If you want to buy an SSD at the moment, the choice is actually very easy: buy a Kingston SSDNow V+100 96 GB. Or more than one and put them in RAID 0 if you need the space. And if you want a single, large one for a laptop, a Crucial M4 is your best bet.
Some explaining:
The new Sandforce controllers are fast on paper, but REALLY unreliable. And anything from OCZ might look fast on paper as well, but there is a massive amount of complaints about them. The new Vertex is the worst of the bunch. On tweakers.net, there are even emails with OCZ where they acknowledge that.
Intel is fine (and often fastest in benchmarks), but pretty expensive. And, as said, those benchmark numbers don't say much when it comes to SSDs: they tend to miss the point as they only look at sustained throughput and IO-ops. Interesting if you have a server and require every last bit of performance 24/7, but not for home use.

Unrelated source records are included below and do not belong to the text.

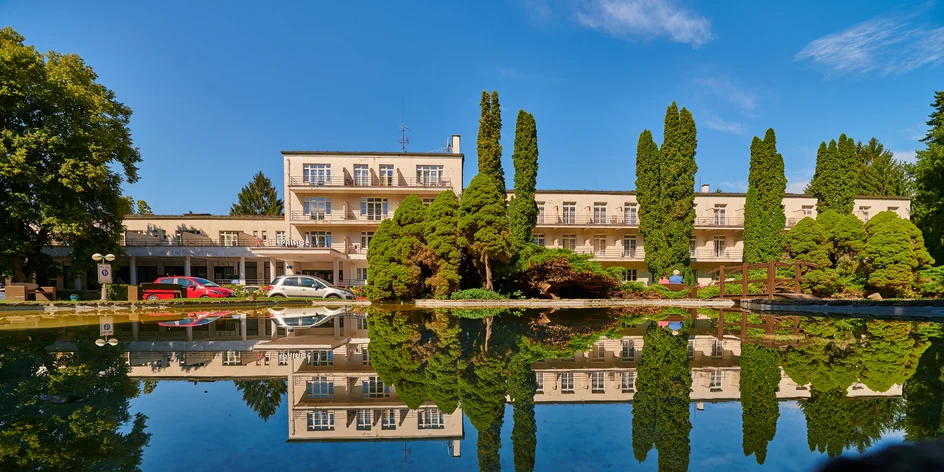Kúpeľný hotel Palace*** patrí medzi najvýznamnejšie stavby pražského architekta Rudolfa Stockara, ktorý pre kúpele spracoval aj regulačný zastavovací plán nového Sliača (1929). Celý sa staval v dvoch samostatných etapách a leží na severnom okraji kúpeľného areálu. V rokoch 1927 – 1931 vznikla sedempodlažná spoločensko-reštauračná časť s hospodárskym zázemím. Na pôdoryse tvaru písmena L tak vznikol moderný dvojúrovňový komplex, tzv. Dvorana, s tromi veľkými reštauračnými sálami, kaviarňami a barmi, ktoré sú opatrené galériami presvetlenými veľkými výsuvnými oknami. Z vonkajšej strany ich lemujú kryté kolonády alebo otvorené terasy. Na prízemí severného krídla bola divadelná sála, respektíve kino. Zo západnej galérie kina je prístupná otvorená lodžia, na ktorej vyhrávali hudobníci dolu na otvorenom parkete sa zabávajúcim hosťom. Zázemie objektu tvoril hospodársky dvor a kuchyne na každom podlaží. Nad prienikom obidvoch krídiel vyrástla mohutná vežovitá stavba, ktorá napokon nebola postavená v uvažovanej výške. Na jej streche dodnes vidieť nápis KÚPELE SLIAČ.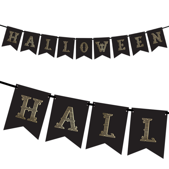 Crni papirnati natpis Halloween, DIY proizvod - sastavljate ga sami! Set sadrži slova i približno 2.5 m vrpce za vješanje. Dimenzije sastavljenog proizvoda: visina 20 cm, dužina 175 cm.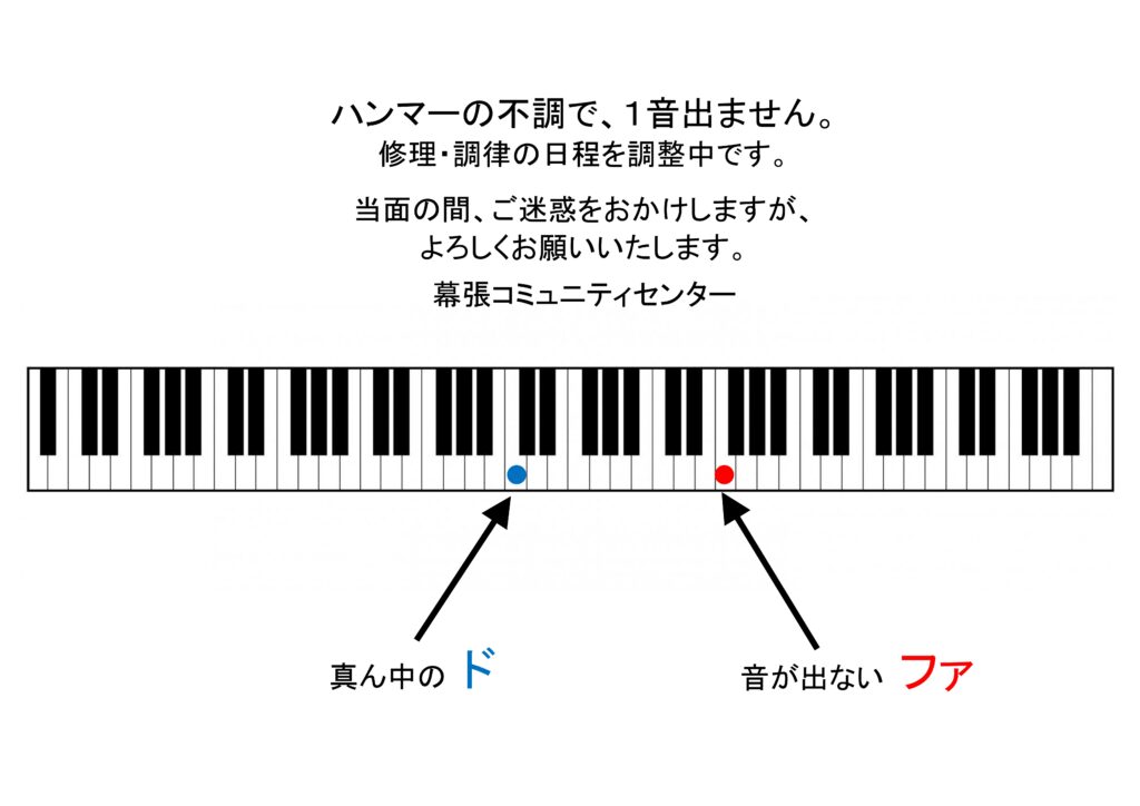いつもご利用ありがとうございます。3F「創作室」のピアノが以下の音源が出なくなり、調律依頼中になります。ご利用者様にはご不便をお掛けしますが、修理まで少しお待ちください。なお、3F「ホール」にもピアノはございます。ピアノのご利用の際は、「ホール」の空き状況にもよりますが、こちらのご利用もご検討ください。何卒よろしくお願い申し上げます。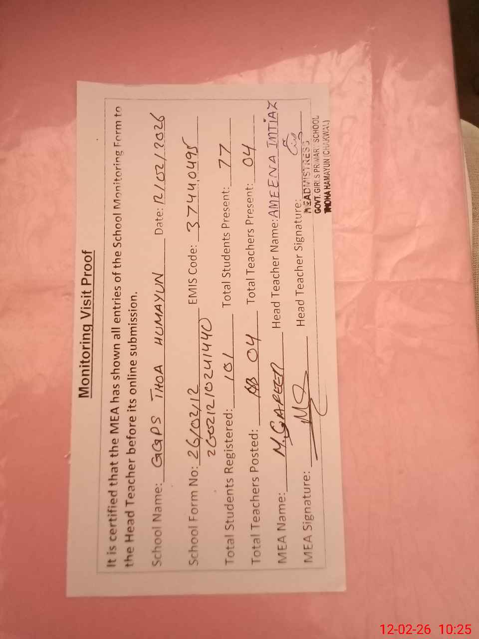 | EMIS Code: 37440495 | Name of School: GGPS THOA HUMAUN | |||

For home use, you want reliability and a low price. And, if you want to do RAID, an aggressive garbage collector. Which brings us to the Kingston V+100 SSDNow.
You will experience it as just as blazingly fast in daily use as any other SSD, and you get a lot of bang for your buck. It has by far the best GB/$ ratio of all the available SSDs. And an aggressive garbage collection, which makes it very good for RAID.

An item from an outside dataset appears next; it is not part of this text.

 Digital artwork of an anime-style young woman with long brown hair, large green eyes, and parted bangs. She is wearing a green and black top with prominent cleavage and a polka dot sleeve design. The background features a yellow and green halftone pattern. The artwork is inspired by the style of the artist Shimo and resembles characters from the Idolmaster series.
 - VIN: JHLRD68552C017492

It's a bit older tech (it actually uses a heavily redesigned JMicron controller, the same one that made some older SSDs look bad), but with the new firmware from Toshiba, it's actually a pretty decent SSD, without any bad marks.
Oh, and did I mention it's really cheap?
You can buy the upgrade bundle kit for about $10 extra, which includes a 3.5" bracket, cables, an USB casing and Acronis HD cloning software.
If you want a bigger one for your laptop, the Crucial M4 is the best choice. Reasonably cheap, very reliable and available in sizes up to 512GB.
And if you really want a Best Brand one, Intel is good, but they use the same controller as the Crucial M4 one, which is cheaper. I would get that one instead and save the difference.
Interesting enough, the Intel ones use Flash with the least amount of erase cycles: only 3000 of them for each cell! So they will stand the least amount of heavy usage.